By Jason Wojciechowski on February 9, 2012 at 10:25 PM
Tyson Ross, a big (6'6", 230 lbs) righty who was born in Berkeley, went to high school in Oakland, and pitched for three years at Berkeley (not Cal) before being drafted in the second round in 2008 just ahead of Tyler Ladendorf and Shane Peterson, both of whom are now RiverCats, oddly enough, pitched his second season with the A's in 2011.
Ross began the year in Sacramento, but was called up to Oakland on April 6th to pitch out of the bullpen when Michael Wuertz hit the Disabled List. When Dallas Braden hit The List himself twelve days later, Ross moved to the rotation, getting his first start on April 22nd. He threw a poor game against Seattle, walking four and striking out none in just 4 1/3 innings. His next four starts were quite nice: 26 2/3 innings, five runs, eighteen whiffs, and five walks. As you'd hope from a guy who pitches in Oakland and has a ground-ball rep, he allowed just one bomb.
Unfortunately, Ross faced just one batter in a May 19th start against Minnesota, and went on the D.L. with an oblique injury the next day. He didn't pitch again in Oakland the rest of the year. When he was activated in late July, he went down to Sacramento and finished the season there, pitching poorly, unfortunately: a nice strikeout rate (over eight) is ... well, nice, but nobody's going to get anywhere walking five batters per nine in AAA. Maybe he wasn't all the way back from his injury, but this is a guy with a career minor-league walk rate approaching four per nine, so it's not like this came out of nowhere.
Ross is one of those four-pitch pitchers with three pitches per side -- he goes fastball/sinker/slider against righties and fastball/sinker/change against lefties. As you can see here, his whiffs per swing for his slider and change were quite good in 2011. (I think -- averages and standard deviations still do not appear to be available at Brooks Baseball, so I'm not entirely sure, but in my eyeballing the stats of various pitchers, those numbers seem high.)
Bob Melvin has said that he sees Ross as a starting pitcher, so he should be in the mix for one of the last three spots in the rotation this spring. Brandon McCarthy and Bartolo Colon are the only locks, so there's probably about a five-man battle for the last three spots. (Although ultimately, it's a five-man battle for two spots because Dallas Braden should be back sooner rather than later.) Despite the team seeing him as a starter, I doubt they see him as a Jarrod Parker, where he'll be starting somewhere, either in Sacramento or Oakland. That is, we could see Ross begin the year in the bullpen by beating out Graham Godfrey or Ryan Cook for the last spot or two.
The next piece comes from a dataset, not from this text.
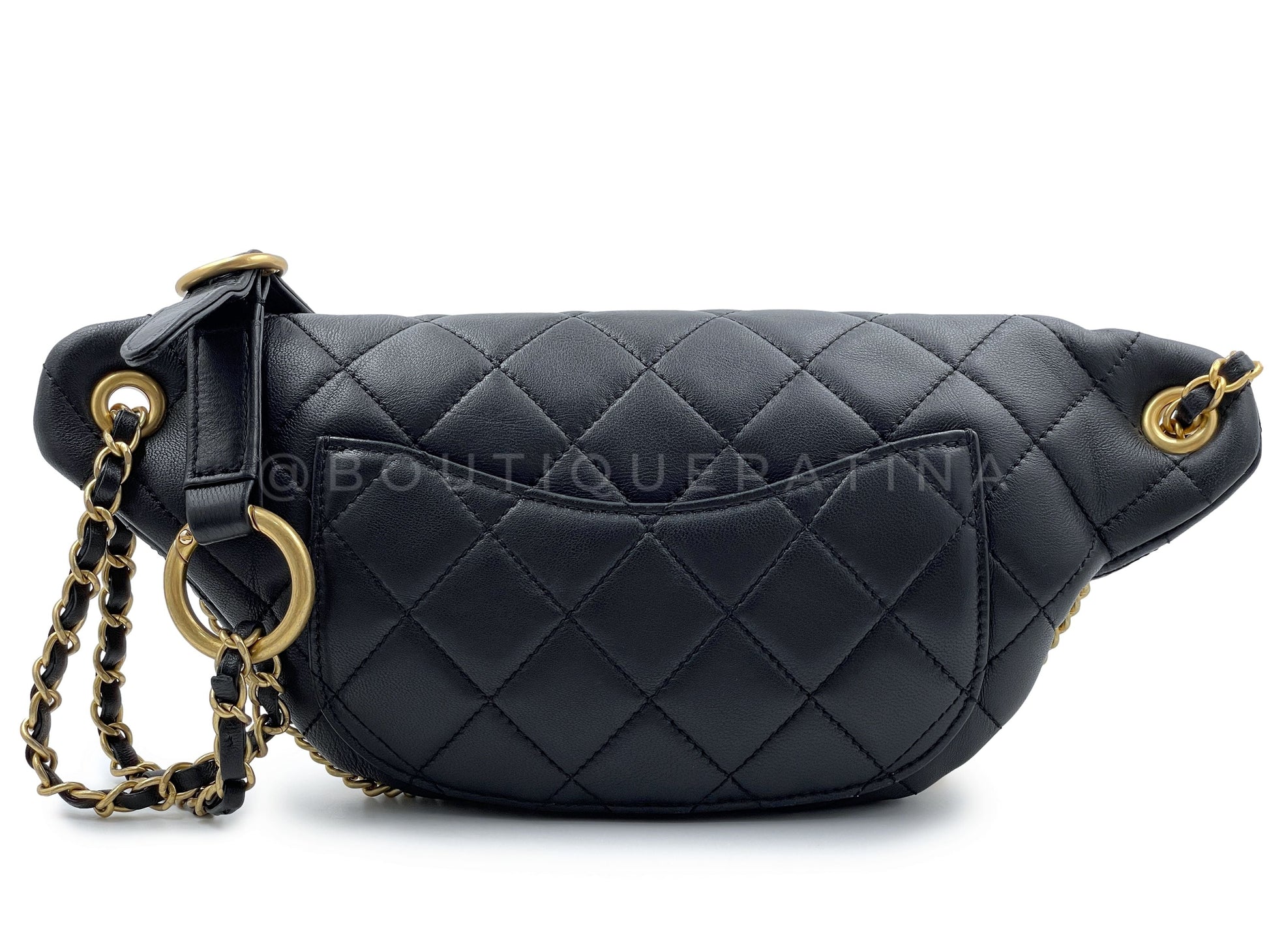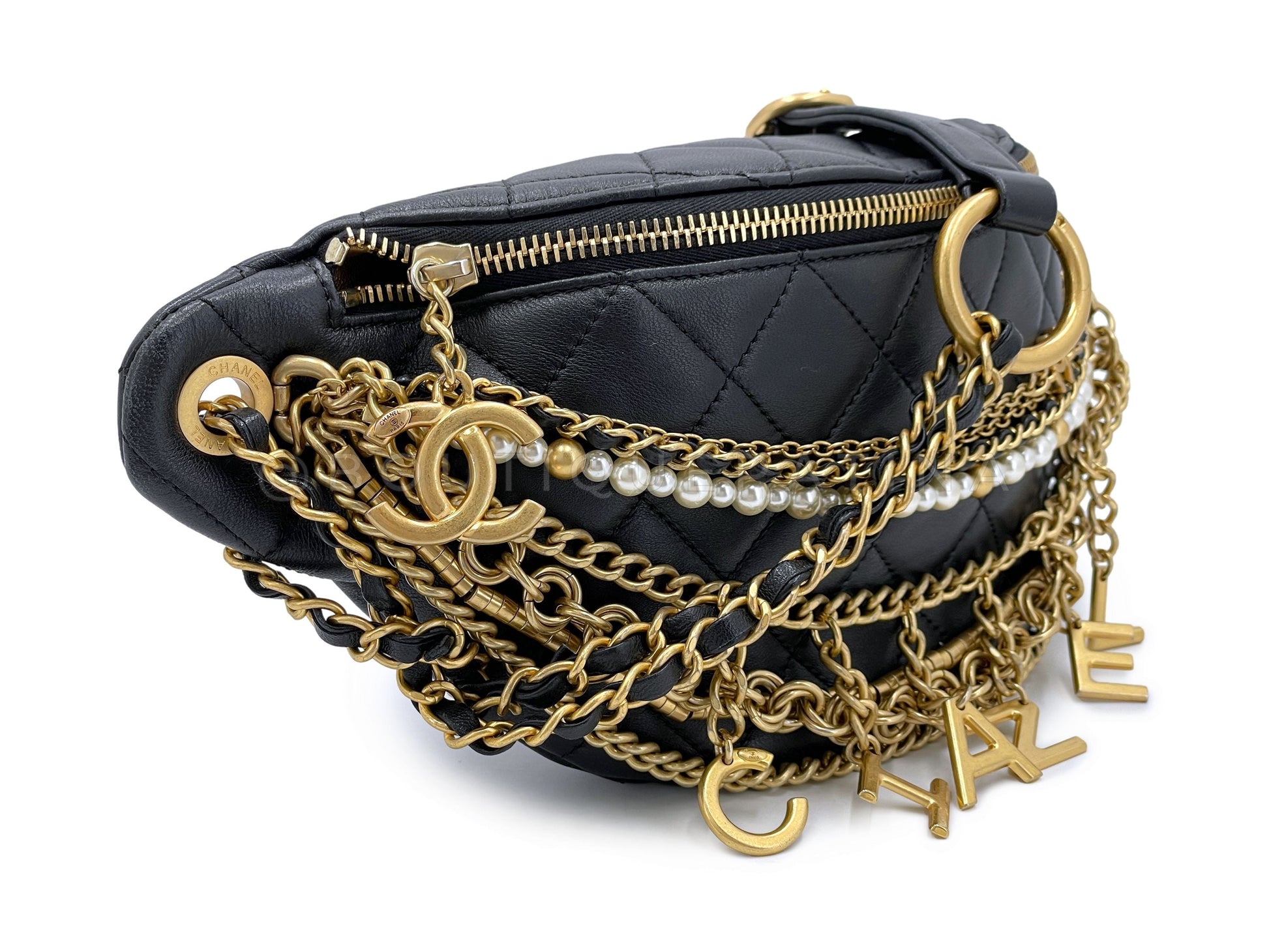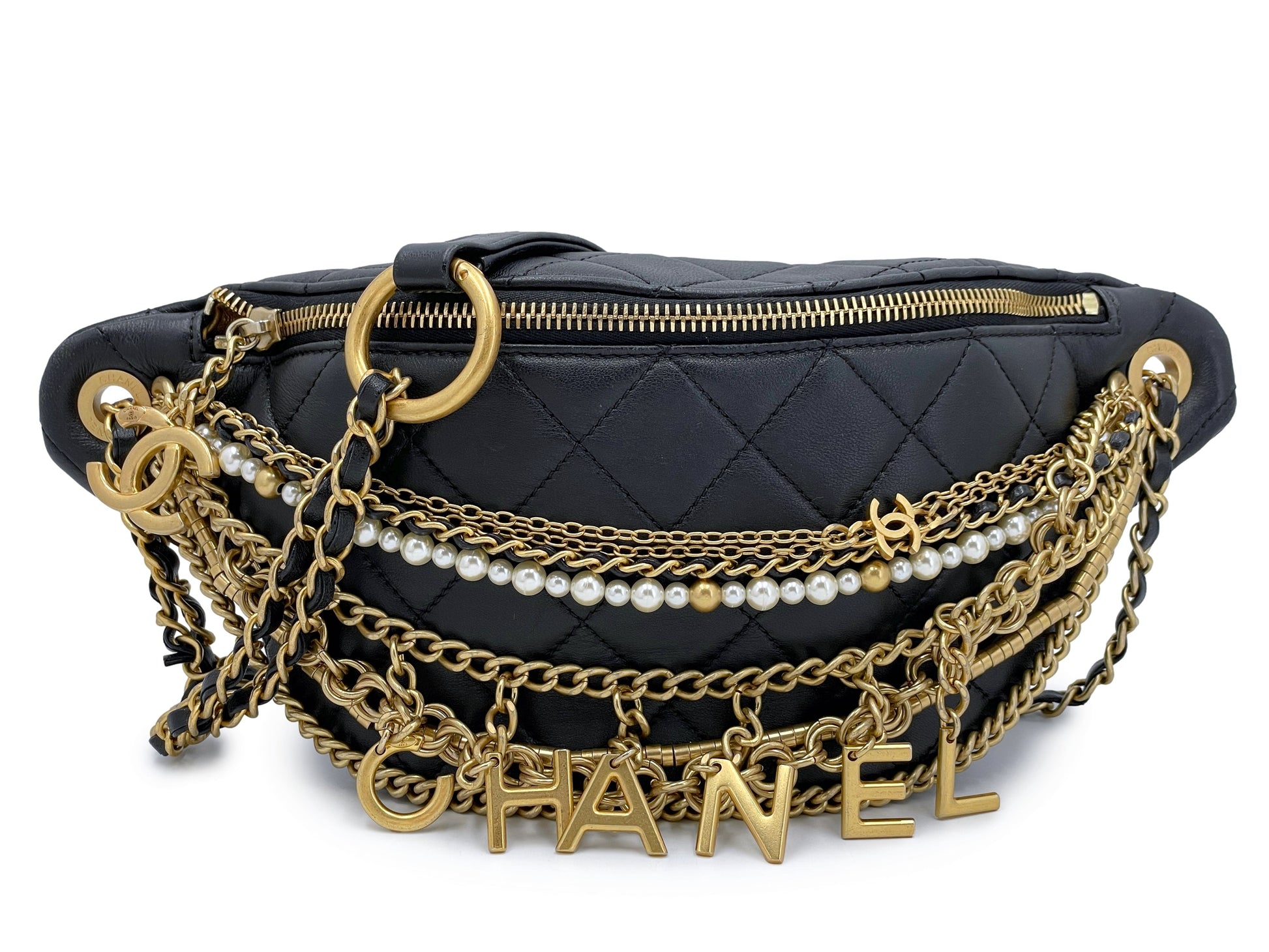 Chanel 19A Black All About Chains Fanny Pack Belt Bag

I don't see any reason Ross can't be a reasonably successful starter in the back end of a good rotation, and PECOTA seems to agree -- the weighted mean projection for him stands at a 4.45 ERA with what looks to be about 2/3 of his innings coming as a starter (i.e. he's not getting a huge boost from being considered a reliever). That's better than Jarrod Parker and Brad Peacock's projections, for what it's worth. I don't have access to Oliver and ZiPS hasn't been published for, so the only comparison point I have is CAIRO, which seems like it has a raison d'etre of being an upgraded Marcel, without doing fancy things like bending age curves based on comparables and suchlike. Anyway, CAIRO pegs him for a 4.67 ERA, so PECOTA is a little more optimistic, but when you're talking about projections, and you've got a system that says 4.45 and another that says 4.67, you're kind of just saying "well, he should have a mid-four ERA." (It also shouldn't surprise us that the projections are so similar given that PECOTA starts out the same way every system does -- look at old data and do a weighted average to get some new data.)